Data extracted from a collection:
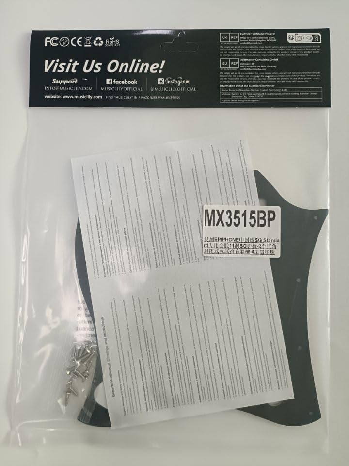 Musiclily Pro 11-Hole Full-Face Guitar Large Pickguard for EPI SG Standard Electric Guitars (Made in China), 4-Piece Set, Black Pearl
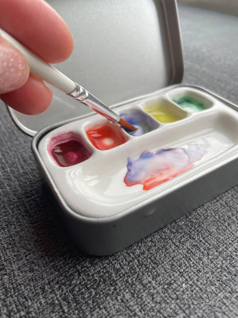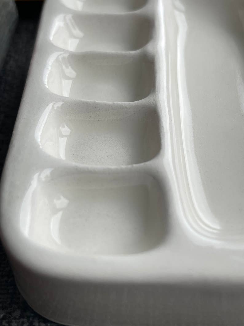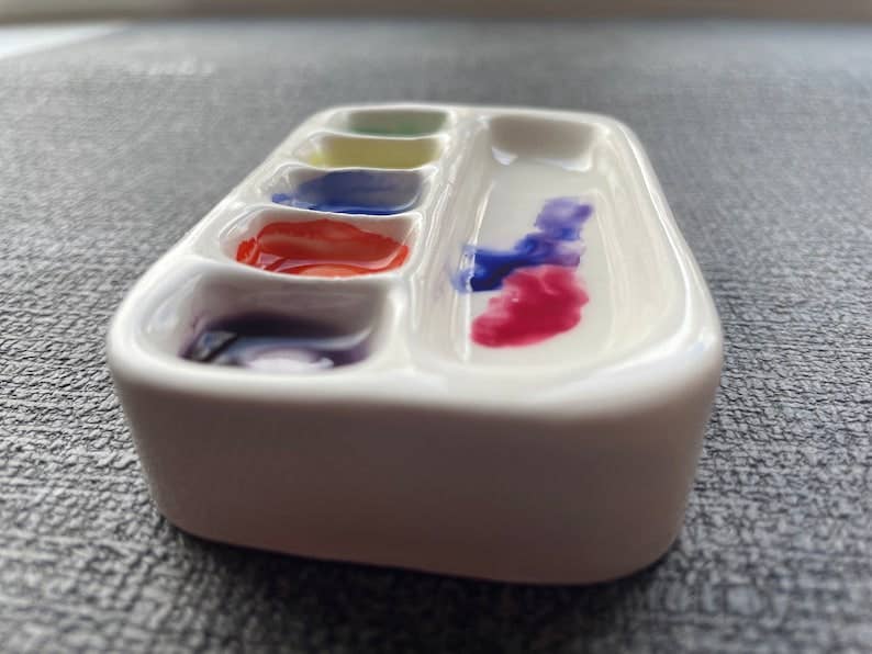 A unique handmade ceramic palette for professionals, amateurs artists or beginners. This ceramic palette fits very well into its metal container for storage or painting on the go. The palette is sturdy and durable. It was fired two times at 1020 degrees. - An elegant ceramic paint palette entirely hand-crafted. - Ideal for watercolor, gouache, and acrylic-type paints. - Eco-friendly ceramic material and non-toxic glaze. - An excellent gift for friends or craft enthusiasts. - Portable and ideal for travel. Dimensions Metal Rectangular Container: 3.75 x 2.45 x 0.8 Inch Ceramic palette approx. size: 3.54 x 2.20 x 0.74 Inch.
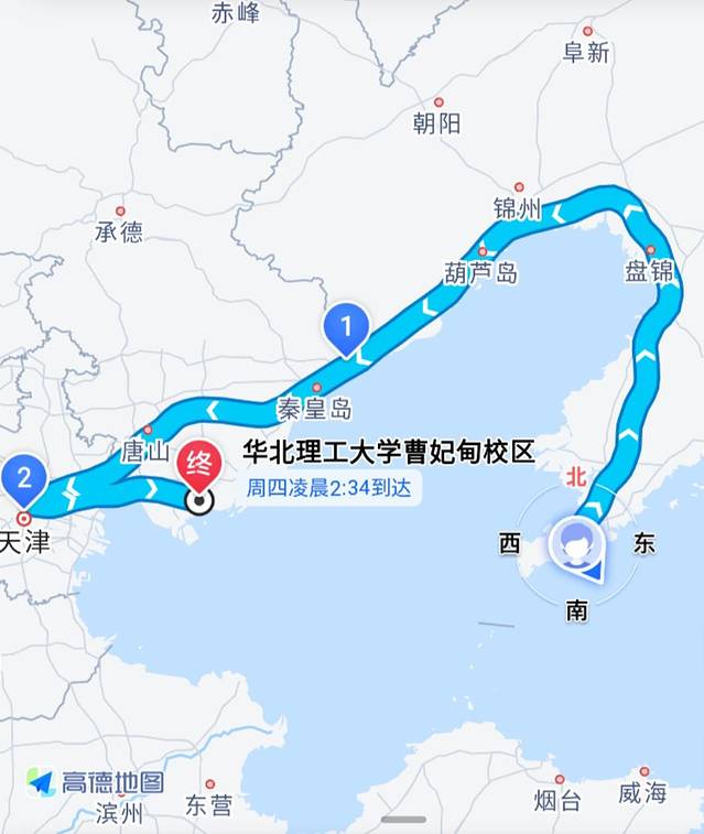大学在唐山曹妃甸-渤海的东岸,与大连隔渤海相望。考虑到80多岁的老母亲,还有上学的行李。决定自驾游。现在的道路建设通畅便捷,手机导航高效准确,非常适合在路线周围景点走走停停,边走边玩。
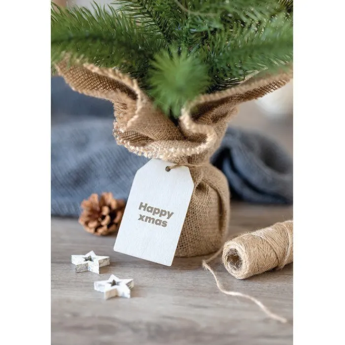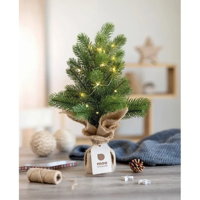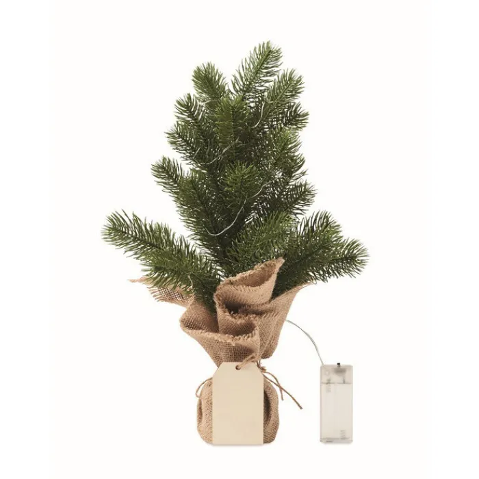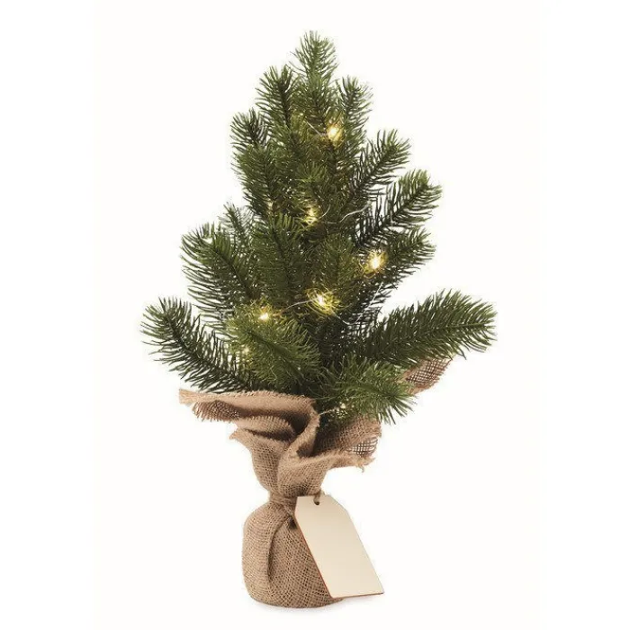 Mini albero di Natale finto, realizzato in plastica PP contenuto in un sacchetto di iuta. Include 20 lucine a LED gialle. Viene fornito con un’etichetta regalo in legno personalizzabile. Funziona con 2 batterie AA non incluse.
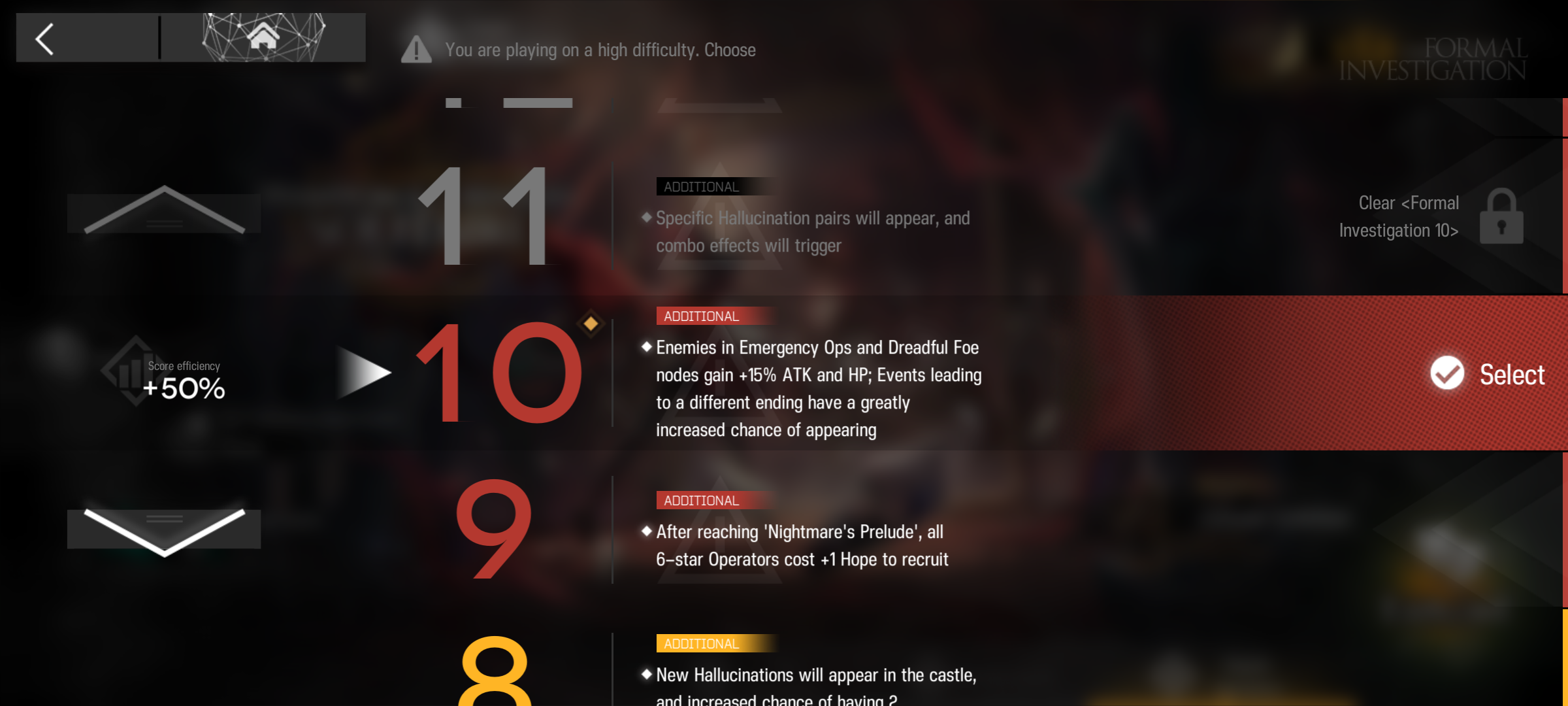 How high does this go? And do the difficulty modifiers stack? Like if I'm doing Difficulty 10, will I still get the thing that makes 6* ops cost an extra Hope from Diff 9?
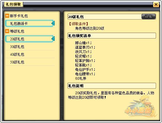 礼包分为2种领取方式: 1、需要通过礼包激活卡激活:玩家点击“礼包”即可弹出礼包界面,如果玩家拥有礼包激活卡,便点击礼包激活卡,输入激活码,即可领取礼包。 2、无需激活卡礼包:此类礼包,只要玩家满足领取条件,即会在“礼包”按钮高亮闪烁提示,玩家点击进入即可领取。
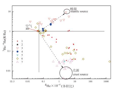 图 5中国部分地区稀有气体4He与R/Ra关系图 1—兰坪—思茅盆地盐泉/温泉气; 2—空气; 3—腾冲温泉气; 4—罗布泊地下卤水气 体; 5—库车盆地地下卤水气体; 6—河西走廊温泉水气体; 7—塔里木盆地天然气 Fig. 5The diagram of 4He versus R/Ra for noble gases from some places of China 1—Escaped gas samples from (saline) springs of the Lanping-Simao Basin; 2—Air ; 3—Escaped gas samples from springs of Tengchong, Yunnan; 4—Escaped gas samp les from underground brines of Lop Nur, Xinjiang; 5—Escaped gas sampl es from underground brines of Kuqa Basin, Xinjiang; 6—Escaped gas samples from springs of the Hexi Corridor; 7—Natural gas samples from the Tarim Basin |
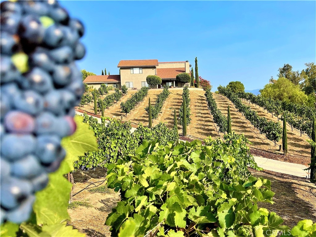 Experience the dream of living among the vineyards in Temecula Valley Wine Country! This stunning property offers everything you could want in a luxury estate, including a separate guest house/ADU and an active, income-producing vineyard.The main residence spans approximately 2,400 sq ft and features a thoughtfully designed two-story layout. Downstairs, you’ll find two bedrooms and a full bathroom—perfect for guests or multigenerational living. Upstairs, the private primary suite includes a full bathroom, loft, and dedicated office space, all complemented by breathtaking vineyard and valley views.Soaring ceilings on the main level create an open, airy feel, enhancing the spacious living room and dining area. French doors lead to an expansive patio, seamlessly blending indoor and outdoor living.Step outside to your entertainer’s paradise. The beautifully designed outdoor space includes a built-in BBQ with bar seating, a cozy fire pit conversation area, and multiple dining spaces illuminated by charming market lights. Tucked away for privacy, a spa retreat with a pub table provides the perfect setting to unwind under the stars while taking in sweeping vineyard views. The approximately 1,100 sq ft guest house offers incredible flexibility, featuring 3 bedrooms, 2 full bathrooms, its own covered patio, private yard, and a detached 2-car garage—ideal for extended family, guests, or as a fully self-sufficient, income-producing ADU.Between the main home and guest house, a resort-style oasis awaits. Enjoy a sparkling pool, covered pergola, gazebo, and even a private putting green—perfect for relaxing, entertaining, or enjoying time with family and friends. This property also features a producing vineyard with Syrah grapes currently harvested and sold to local wineries. Continue generating income, or take it a step further by creating your own private label and embracing the full wine country lifestyle.With endless possibilities and unmatched charm, this exceptional property is ready to become your dream home.
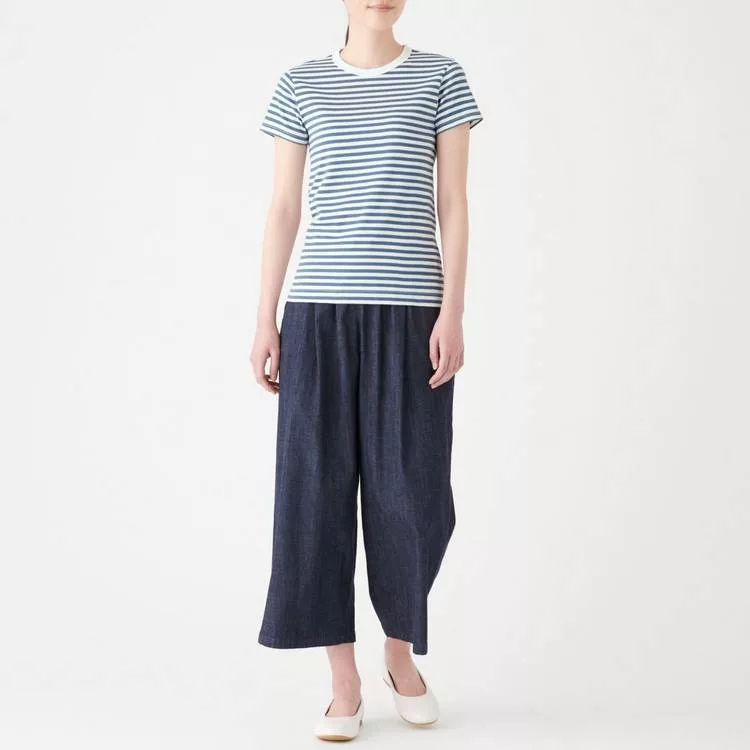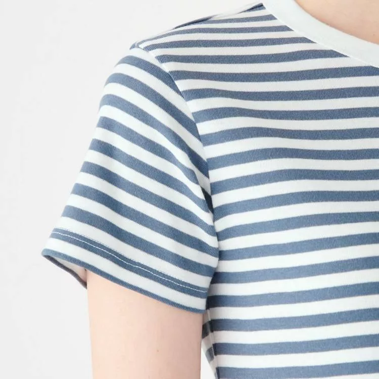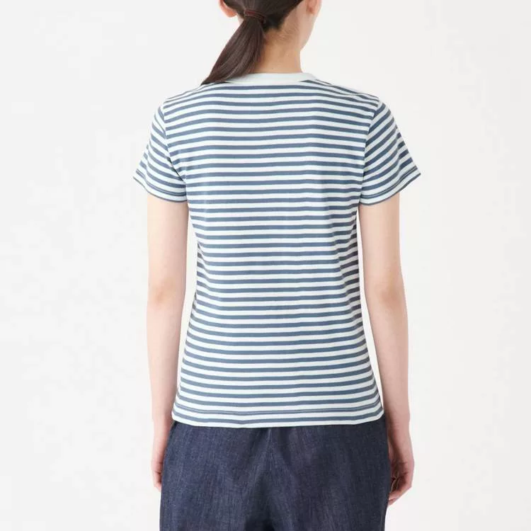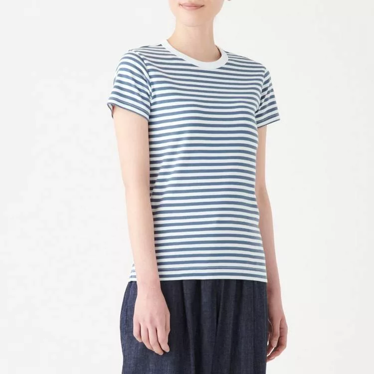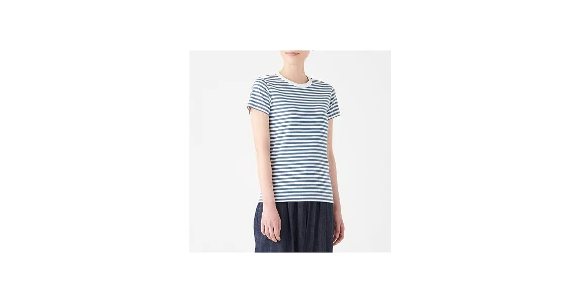 商品描述: [MUJI無印良品]女有機棉不易汗染針織圓領橫紋短袖T恤S煙燻藍橫紋
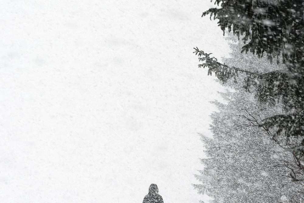 Ein heftiger Schneesturm am Rand eines Waldes, zentraler Blick auf sich entfernende Person, große und kleine Schneeflocken sind im Bild zu sehen, kontrastreiche Momentaufnahme - Location: Deutschland, Sachsen, Osterzgebirge
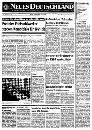 Unsere volkswirtschaftlichen Aufgaben für 1971 haben einen gemeinsamen Nenner: Es geht darum, die ökonomischen Gesetze bewußt und schöpferisch anzuwenden und so die Vorzüge des Sozialismus umfassender zum Wohle des ganzen Volkes zu nutzen. Als das wichtigste Instrument hierfür bezeichnete die 14. Tagung des ZK »eine auf hohem Niveau stehende Planung auf oJlen Leitungsebenen" ...
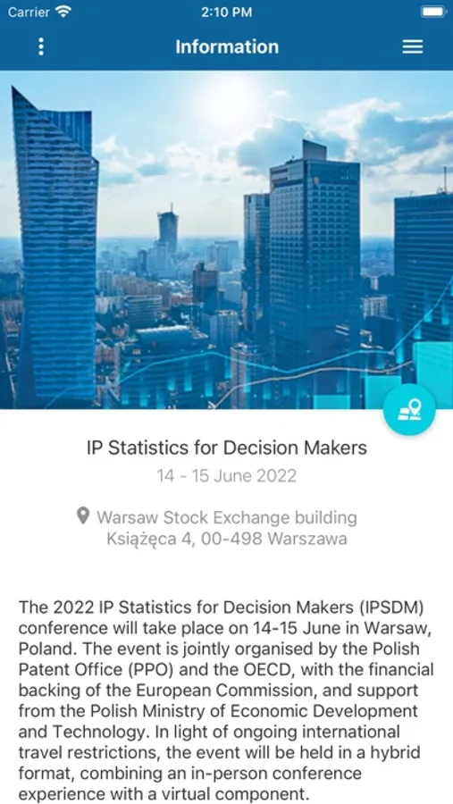 Application dedicated to the IP Statistics for Decision Makers 2022 Conference held on 14-15 June 2022 in Warsaw, Poland. The app was prepared by the Polish Patent Office which co-organises the conference in collaboration with the Organisation for Economic Co-operation and Development (OECD). The app allows the participants of the Conference to have all the conference-related information in one place. It includes, among others, the conference agenda, speaker bios, various conference materials and other useful information to help you get the best experience of the conference.

● **WHAT TO DO**: Could you repeat all of the entries exactly, without any of the images?

● **FINAL ANSWER**:
 Musiclily Pro 11-Hole Full-Face Guitar Large Pickguard for EPI SG Standard Electric Guitars (Made in China), 4-Piece Set, Black Pearl
 A unique handmade ceramic palette for professionals, amateurs artists or beginners. This ceramic palette fits very well into its metal container for storage or painting on the go. The palette is sturdy and durable. It was fired two times at 1020 degrees. - An elegant ceramic paint palette entirely hand-crafted. - Ideal for watercolor, gouache, and acrylic-type paints. - Eco-friendly ceramic material and non-toxic glaze. - An excellent gift for friends or craft enthusiasts. - Portable and ideal for travel. Dimensions Metal Rectangular Container: 3.75 x 2.45 x 0.8 Inch Ceramic palette approx. size: 3.54 x 2.20 x 0.74 Inch.
大学在唐山曹妃甸-渤海的东岸,与大连隔渤海相望。考虑到80多岁的老母亲,还有上学的行李。决定自驾游。现在的道路建设通畅便捷,手机导航高效准确,非常适合在路线周围景点走走停停,边走边玩。
 Mini albero di Natale finto, realizzato in plastica PP contenuto in un sacchetto di iuta. Include 20 lucine a LED gialle. Viene fornito con un’etichetta regalo in legno personalizzabile. Funziona con 2 batterie AA non incluse.
 How high does this go? And do the difficulty modifiers stack? Like if I'm doing Difficulty 10, will I still get the thing that makes 6* ops cost an extra Hope from Diff 9?
 礼包分为2种领取方式: 1、需要通过礼包激活卡激活:玩家点击“礼包”即可弹出礼包界面,如果玩家拥有礼包激活卡,便点击礼包激活卡,输入激活码,即可领取礼包。 2、无需激活卡礼包:此类礼包,只要玩家满足领取条件,即会在“礼包”按钮高亮闪烁提示,玩家点击进入即可领取。
 图 5中国部分地区稀有气体4He与R/Ra关系图 1—兰坪—思茅盆地盐泉/温泉气; 2—空气; 3—腾冲温泉气; 4—罗布泊地下卤水气 体; 5—库车盆地地下卤水气体; 6—河西走廊温泉水气体; 7—塔里木盆地天然气 Fig. 5The diagram of 4He versus R/Ra for noble gases from some places of China 1—Escaped gas samples from (saline) springs of the Lanping-Simao Basin; 2—Air ; 3—Escaped gas samples from springs of Tengchong, Yunnan; 4—Escaped gas samp les from underground brines of Lop Nur, Xinjiang; 5—Escaped gas sampl es from underground brines of Kuqa Basin, Xinjiang; 6—Escaped gas samples from springs of the Hexi Corridor; 7—Natural gas samples from the Tarim Basin |
 Experience the dream of living among the vineyards in Temecula Valley Wine Country! This stunning property offers everything you could want in a luxury estate, including a separate guest house/ADU and an active, income-producing vineyard.The main residence spans approximately 2,400 sq ft and features a thoughtfully designed two-story layout. Downstairs, you’ll find two bedrooms and a full bathroom—perfect for guests or multigenerational living. Upstairs, the private primary suite includes a full bathroom, loft, and dedicated office space, all complemented by breathtaking vineyard and valley views.Soaring ceilings on the main level create an open, airy feel, enhancing the spacious living room and dining area. French doors lead to an expansive patio, seamlessly blending indoor and outdoor living.Step outside to your entertainer’s paradise. The beautifully designed outdoor space includes a built-in BBQ with bar seating, a cozy fire pit conversation area, and multiple dining spaces illuminated by charming market lights. Tucked away for privacy, a spa retreat with a pub table provides the perfect setting to unwind under the stars while taking in sweeping vineyard views. The approximately 1,100 sq ft guest house offers incredible flexibility, featuring 3 bedrooms, 2 full bathrooms, its own covered patio, private yard, and a detached 2-car garage—ideal for extended family, guests, or as a fully self-sufficient, income-producing ADU.Between the main home and guest house, a resort-style oasis awaits. Enjoy a sparkling pool, covered pergola, gazebo, and even a private putting green—perfect for relaxing, entertaining, or enjoying time with family and friends. This property also features a producing vineyard with Syrah grapes currently harvested and sold to local wineries. Continue generating income, or take it a step further by creating your own private label and embracing the full wine country lifestyle.With endless possibilities and unmatched charm, this exceptional property is ready to become your dream home.
 商品描述: [MUJI無印良品]女有機棉不易汗染針織圓領橫紋短袖T恤S煙燻藍橫紋
 Ein heftiger Schneesturm am Rand eines Waldes, zentraler Blick auf sich entfernende Person, große und kleine Schneeflocken sind im Bild zu sehen, kontrastreiche Momentaufnahme - Location: Deutschland, Sachsen, Osterzgebirge
 Unsere volkswirtschaftlichen Aufgaben für 1971 haben einen gemeinsamen Nenner: Es geht darum, die ökonomischen Gesetze bewußt und schöpferisch anzuwenden und so die Vorzüge des Sozialismus umfassender zum Wohle des ganzen Volkes zu nutzen. Als das wichtigste Instrument hierfür bezeichnete die 14. Tagung des ZK »eine auf hohem Niveau stehende Planung auf oJlen Leitungsebenen" ...
 Application dedicated to the IP Statistics for Decision Makers 2022 Conference held on 14-15 June 2022 in Warsaw, Poland. The app was prepared by the Polish Patent Office which co-organises the conference in collaboration with the Organisation for Economic Co-operation and Development (OECD). The app allows the participants of the Conference to have all the conference-related information in one place. It includes, among others, the conference agenda, speaker bios, various conference materials and other useful information to help you get the best experience of the conference.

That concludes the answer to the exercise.